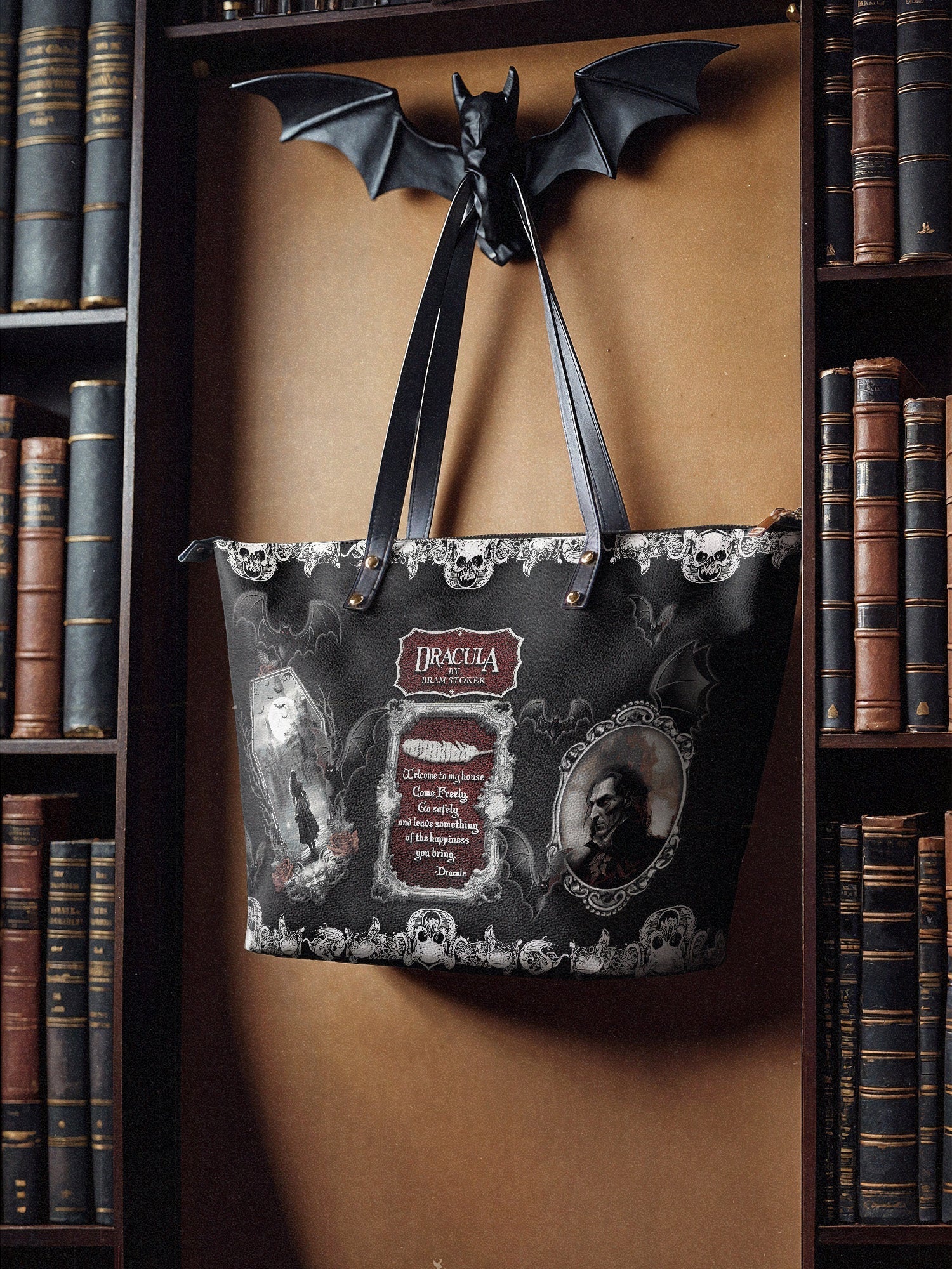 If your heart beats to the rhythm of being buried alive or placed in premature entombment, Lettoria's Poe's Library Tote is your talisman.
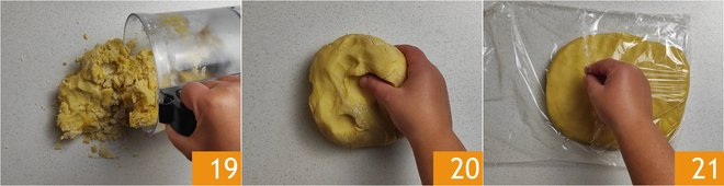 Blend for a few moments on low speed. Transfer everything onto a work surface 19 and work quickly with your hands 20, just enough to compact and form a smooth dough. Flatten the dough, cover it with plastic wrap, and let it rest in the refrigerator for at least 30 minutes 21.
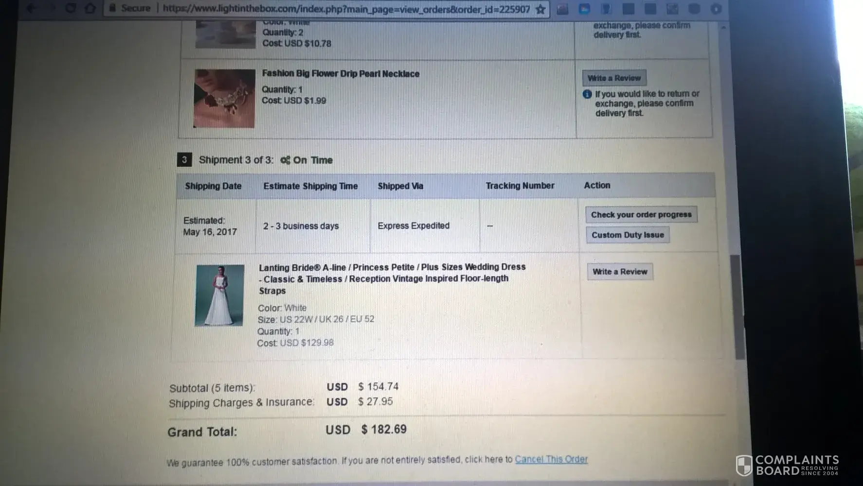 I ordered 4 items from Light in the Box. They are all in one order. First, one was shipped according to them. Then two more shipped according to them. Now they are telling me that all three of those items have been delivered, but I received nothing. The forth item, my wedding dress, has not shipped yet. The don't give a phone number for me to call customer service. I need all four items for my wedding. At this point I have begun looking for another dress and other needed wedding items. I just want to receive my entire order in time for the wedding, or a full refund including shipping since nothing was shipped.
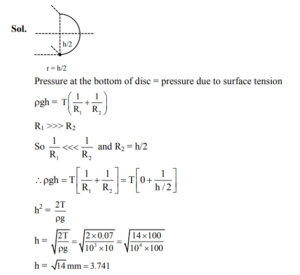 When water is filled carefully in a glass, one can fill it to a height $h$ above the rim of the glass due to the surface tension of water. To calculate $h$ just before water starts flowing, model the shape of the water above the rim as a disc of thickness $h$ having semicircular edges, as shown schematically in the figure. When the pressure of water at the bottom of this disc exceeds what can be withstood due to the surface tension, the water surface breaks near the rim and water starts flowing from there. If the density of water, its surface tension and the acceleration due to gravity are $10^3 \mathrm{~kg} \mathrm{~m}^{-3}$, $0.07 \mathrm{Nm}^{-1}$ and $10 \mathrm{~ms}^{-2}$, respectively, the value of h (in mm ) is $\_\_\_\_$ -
+++
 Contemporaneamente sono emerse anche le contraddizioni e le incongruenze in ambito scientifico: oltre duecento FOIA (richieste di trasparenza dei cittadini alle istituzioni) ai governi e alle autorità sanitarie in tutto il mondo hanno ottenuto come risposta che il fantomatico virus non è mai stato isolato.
+++
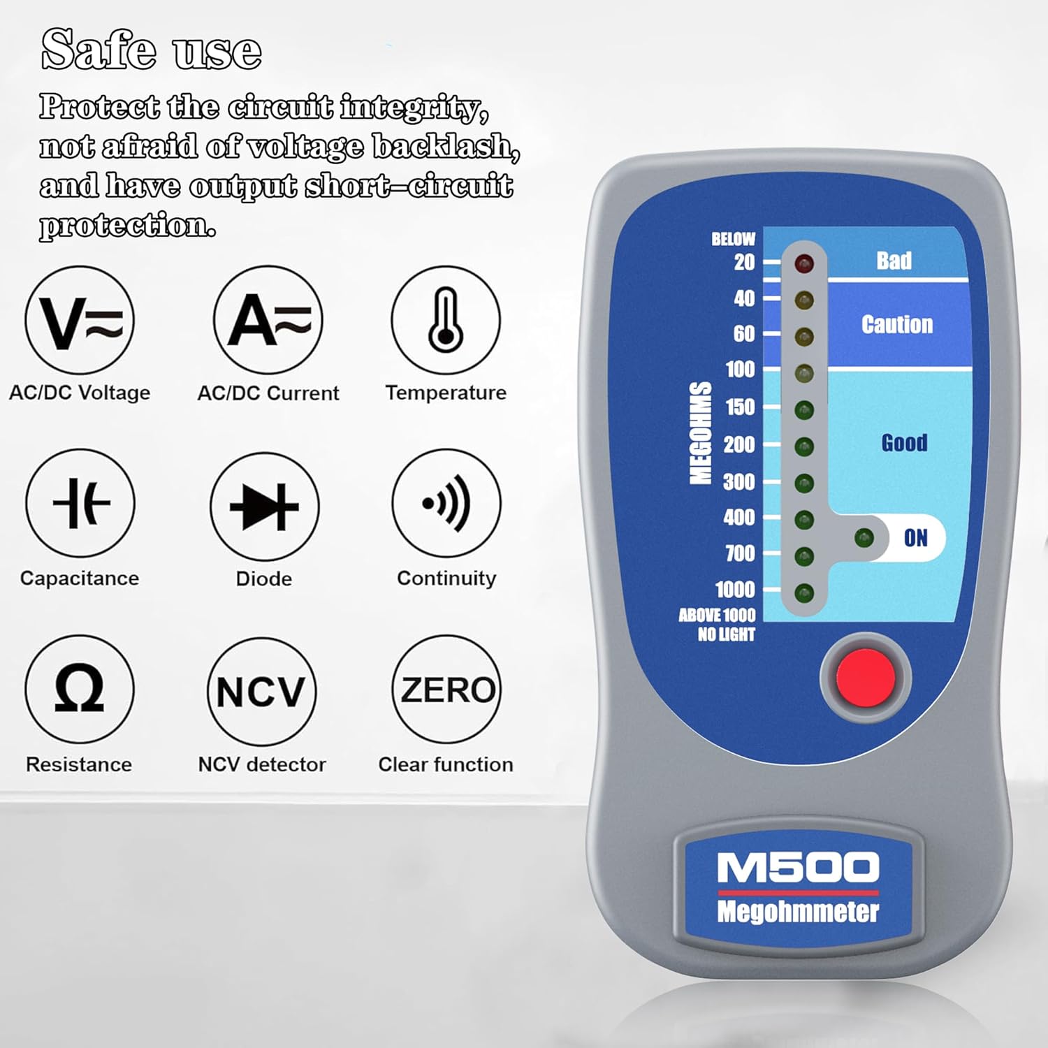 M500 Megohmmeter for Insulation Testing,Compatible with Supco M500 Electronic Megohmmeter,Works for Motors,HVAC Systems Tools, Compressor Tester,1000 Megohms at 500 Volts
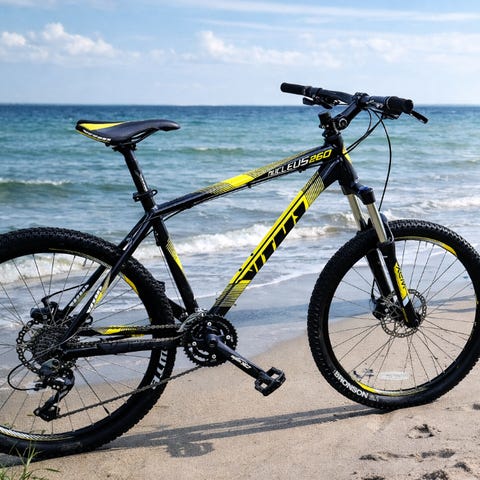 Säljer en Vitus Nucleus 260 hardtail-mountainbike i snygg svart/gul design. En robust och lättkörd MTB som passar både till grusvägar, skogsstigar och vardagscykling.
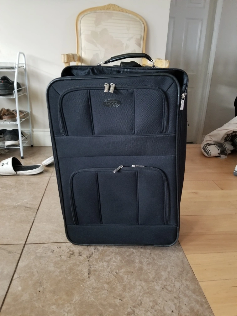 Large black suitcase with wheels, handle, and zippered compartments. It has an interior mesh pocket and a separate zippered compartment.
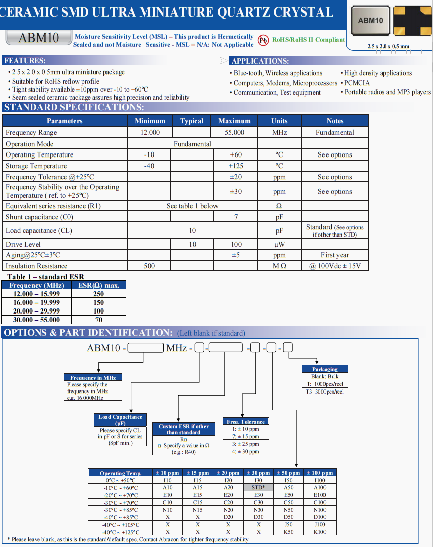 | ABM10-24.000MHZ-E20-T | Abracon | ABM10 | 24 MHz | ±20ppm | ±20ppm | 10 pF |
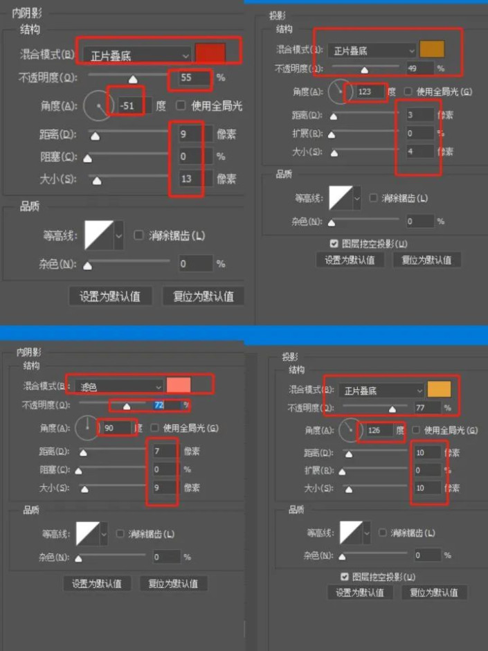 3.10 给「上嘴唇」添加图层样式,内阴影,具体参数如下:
+++
WHAT THIS TASK INVOLVES |
For the entries above, print exactly the lines between the one with "If your heart" and the one with "Blend for a", inclusive, with no pictures.

EXERCISE SOLUTION |
 If your heart beats to the rhythm of being buried alive or placed in premature entombment, Lettoria's Poe's Library Tote is your talisman.
 Blend for a few moments on low speed. Transfer everything onto a work surface 19 and work quickly with your hands 20, just enough to compact and form a smooth dough. Flatten the dough, cover it with plastic wrap, and let it rest in the refrigerator for at least 30 minutes 21.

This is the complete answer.